(Data excerpts)
++++++

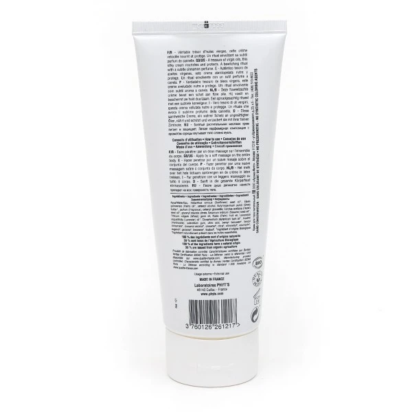 Pour prévenir et soulager ces désagréments, les Laboratoires Phyt’s ont formulé la Crème Corps Nourrissante Bio. Ce soin pour le corps renferme des huiles végétales, dont l’huile de tournesol, l’huile de noisette et l’huile de graines de sésame. Ces huiles sont riches en acides gras essentiels (oméga 3 et oméga 6) et en vitamine E, de puissants antioxydants qui permettent de lutter efficacement contre le vieillissement précoce de la peau dû à la prolifération des radicaux libres. Leurs propriétés émollientes vont permettre de retenir l’eau au cœur des cellules cutanées et contribuer ainsi au renforcement de la protection naturelle de la peau. Le beurre de karité qui entre également dans la composition de ce soin pour le corps Phyt’s va s’associer aux huiles végétales bio pour nourrir et adoucir votre peau. La Crème Corps Nourrissante Bio Phyt’s contient également de l’huile de cannelle qui va conférer à votre crème pour le corps Phyt’s une fragrance chaleureuse, délicieusement épicée.
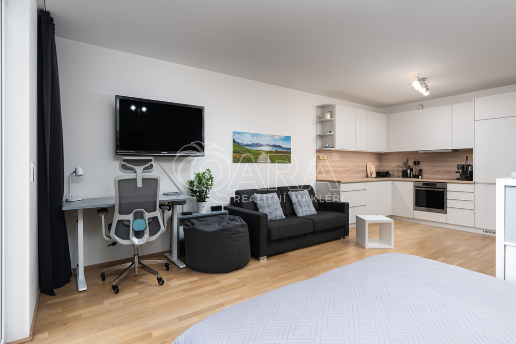 Pronájem prostorného bytu 1+kk s terasou, sklepem a garážovým stáním – Praha 4, Braník, Skálové
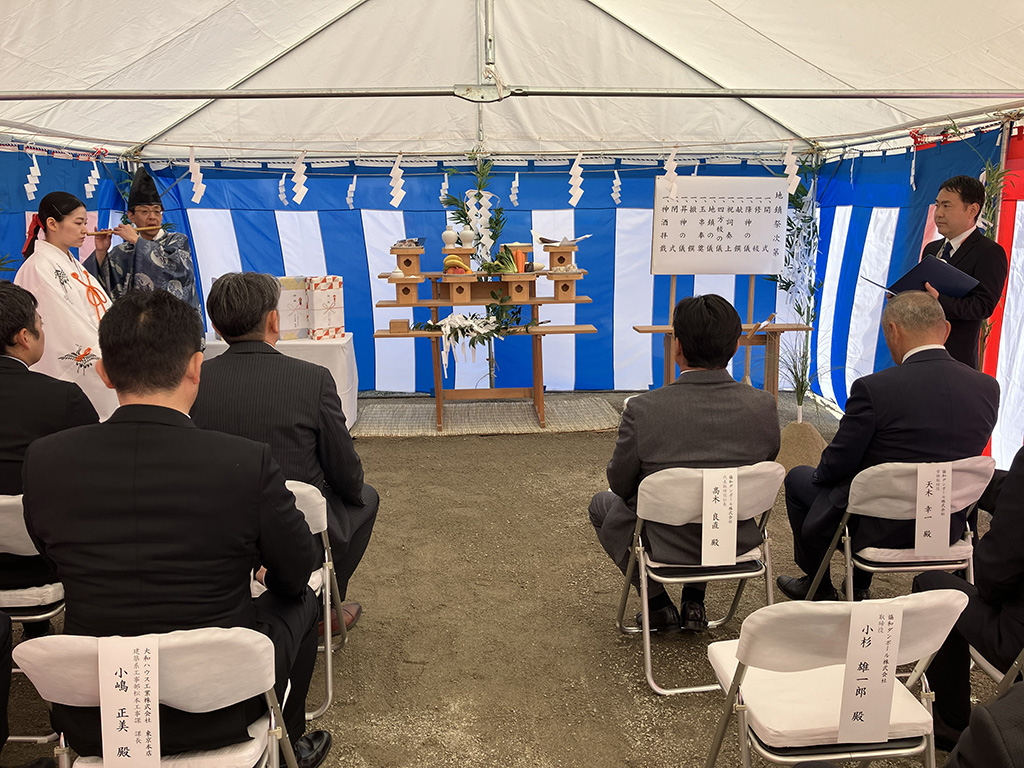 冬晴れの良き日に地鎮祭を執り行い、関係者皆で無事の完成を祈祷しました。
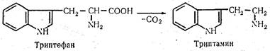 Гетероциклические аминокислоты. Триптофан (α-амино-β-индолилпропионовая кислота) открыт в гидролизате казеина в 1901 г. Входит в состав многих белков в небольшом количестве. В животных тканях не синтезируется. В результате декарбоксилирования триптофана образуется триптамин — регулятор кровяного давления в животном организме:
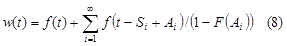 | Failure intensity w(t) is also easy to calculate taking derivative of (6) and (7) with respect to time t. Combining the result we obtain |
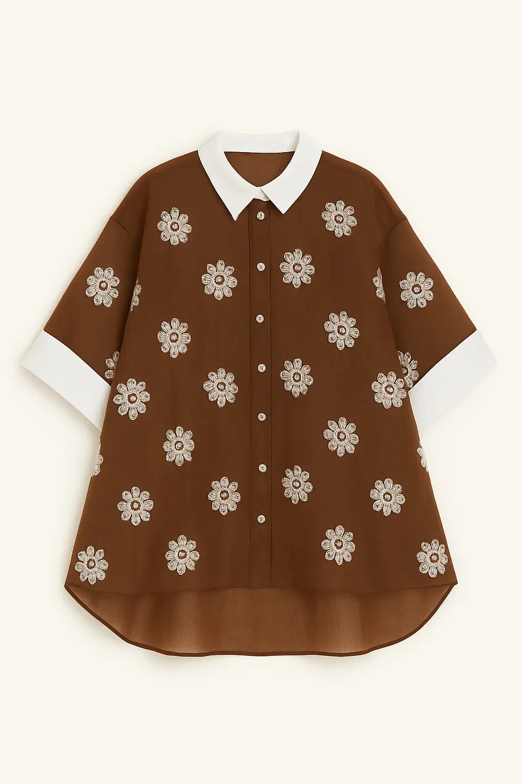 Camicia oversize organza con ricami e polsi e colletto a contrasto
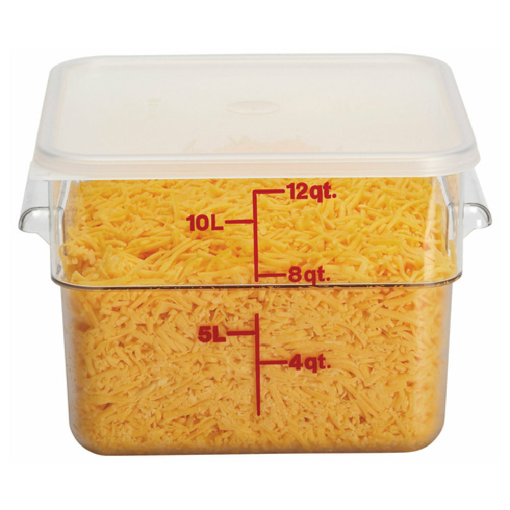 The Cambro 12SFSCW135 CamSquare® Food Container - 12 qt. - is a versatile and efficient solution for food storage needs across various sectors, including restaurants, catering, and food processing industries. With dimensions of 11-1/4"L x 12-1/4"W x 8-5/16"H, this container is designed to maximize storage space while maintaining ease of access and handling. Made from durable polycarbonate, it resists stains and odors, ensuring a hygienic environment for stored contents. The clear material allows for quick identification of the contents, reducing the need for constant opening and closing that could compromise freshness. This container includes red graduations for precise measurement, supporting accurate inventory management and portion control across diverse food service applications. The inclusion of handles facilitates easy transportation and handling within busy kitchen environments. Additionally, the Cambro 12SFSCW135 is dishwasher safe, making it simple to maintain cleanliness and sanitation standards. Certified by NSF, it meets stringent public health standards, providing assurance of quality and safety. This food container is an ideal choice for professionals seeking reliable, space-efficient food storage solutions that support operational efficiency and maintain product integrity.

++++++

- **Try it**
All entries above must be printed again verbatim, with images excluded.

- **The completed task**
 Pour prévenir et soulager ces désagréments, les Laboratoires Phyt’s ont formulé la Crème Corps Nourrissante Bio. Ce soin pour le corps renferme des huiles végétales, dont l’huile de tournesol, l’huile de noisette et l’huile de graines de sésame. Ces huiles sont riches en acides gras essentiels (oméga 3 et oméga 6) et en vitamine E, de puissants antioxydants qui permettent de lutter efficacement contre le vieillissement précoce de la peau dû à la prolifération des radicaux libres. Leurs propriétés émollientes vont permettre de retenir l’eau au cœur des cellules cutanées et contribuer ainsi au renforcement de la protection naturelle de la peau. Le beurre de karité qui entre également dans la composition de ce soin pour le corps Phyt’s va s’associer aux huiles végétales bio pour nourrir et adoucir votre peau. La Crème Corps Nourrissante Bio Phyt’s contient également de l’huile de cannelle qui va conférer à votre crème pour le corps Phyt’s une fragrance chaleureuse, délicieusement épicée.
 Pronájem prostorného bytu 1+kk s terasou, sklepem a garážovým stáním – Praha 4, Braník, Skálové
 冬晴れの良き日に地鎮祭を執り行い、関係者皆で無事の完成を祈祷しました。
 Гетероциклические аминокислоты. Триптофан (α-амино-β-индолилпропионовая кислота) открыт в гидролизате казеина в 1901 г. Входит в состав многих белков в небольшом количестве. В животных тканях не синтезируется. В результате декарбоксилирования триптофана образуется триптамин — регулятор кровяного давления в животном организме:
 | Failure intensity w(t) is also easy to calculate taking derivative of (6) and (7) with respect to time t. Combining the result we obtain |
 Camicia oversize organza con ricami e polsi e colletto a contrasto
 The Cambro 12SFSCW135 CamSquare® Food Container - 12 qt. - is a versatile and efficient solution for food storage needs across various sectors, including restaurants, catering, and food processing industries. With dimensions of 11-1/4"L x 12-1/4"W x 8-5/16"H, this container is designed to maximize storage space while maintaining ease of access and handling. Made from durable polycarbonate, it resists stains and odors, ensuring a hygienic environment for stored contents. The clear material allows for quick identification of the contents, reducing the need for constant opening and closing that could compromise freshness. This container includes red graduations for precise measurement, supporting accurate inventory management and portion control across diverse food service applications. The inclusion of handles facilitates easy transportation and handling within busy kitchen environments. Additionally, the Cambro 12SFSCW135 is dishwasher safe, making it simple to maintain cleanliness and sanitation standards. Certified by NSF, it meets stringent public health standards, providing assurance of quality and safety. This food container is an ideal choice for professionals seeking reliable, space-efficient food storage solutions that support operational efficiency and maintain product integrity.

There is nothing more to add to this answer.